• Activity
No picture should appear in the copy. Transcribe exactly, and only, the lines from the one with "六本木このみさんの外運は15画の4点!" through the last line of the data below.

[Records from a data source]

Segment Open

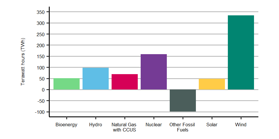Description: This column chart shows changes in electricity generation between 2021 and 2050 in the Global Net-zero Scenario, by technology. Wind sees the most significant increase, followed by nuclear, hydro, natural gas with CCUS, bioenergy, and solar. Other fossil fuels see a marked decline in terms of electricity generation.
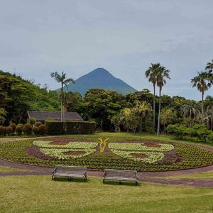 植物園の一角─ 山麓をバックに、 お花で蝶々🦋をアレンジ⤴️😘 お目当てのベンチを見付けて👀💡 早速、「火曜ベンチ」に参加します🎵
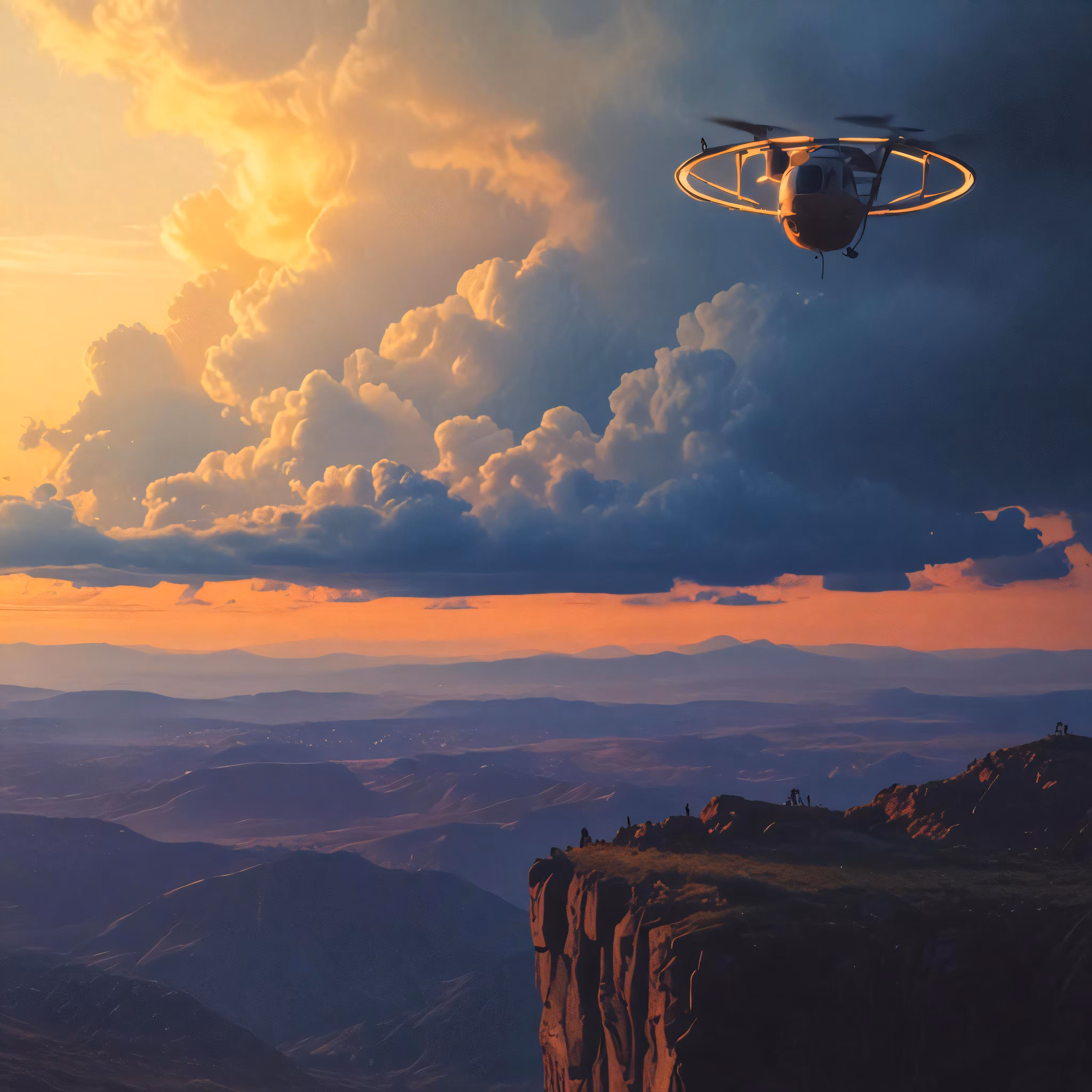 High resolution picture, free to use, a flying object that is in the air over some mountains
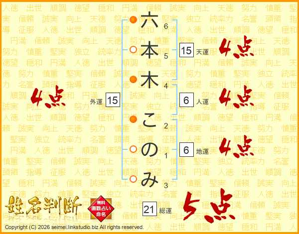 六本木このみさんの外運は15画の4点!
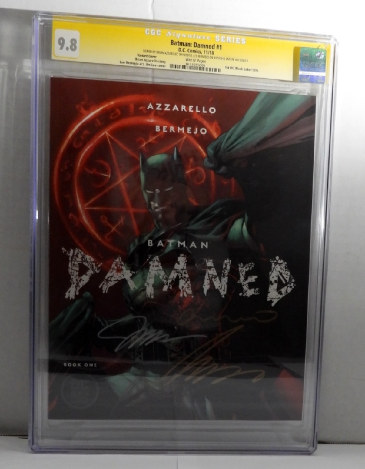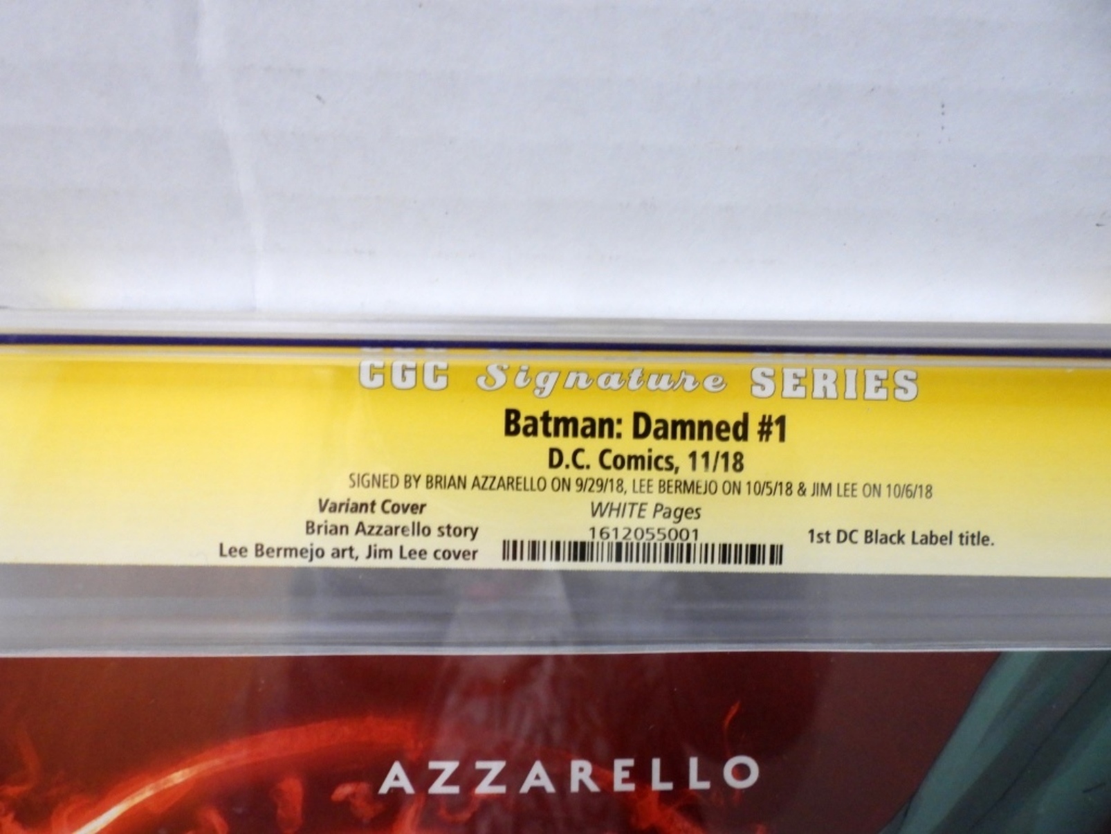 D.C. COMICS, 11/18 BATMAN: DEMANED #1 SIGNED by BRIAN AZZARELLO on 9/29/18 & LEE BERMEJOI on 10/5/18 & JIM LEE on 10/6/18 – VARIANT COVER (CORNER of CASE has SMALL CRACK)

Segment Closed

• Response
 六本木このみさんの外運は15画の4点!
 D.C. COMICS, 11/18 BATMAN: DEMANED #1 SIGNED by BRIAN AZZARELLO on 9/29/18 & LEE BERMEJOI on 10/5/18 & JIM LEE on 10/6/18 – VARIANT COVER (CORNER of CASE has SMALL CRACK)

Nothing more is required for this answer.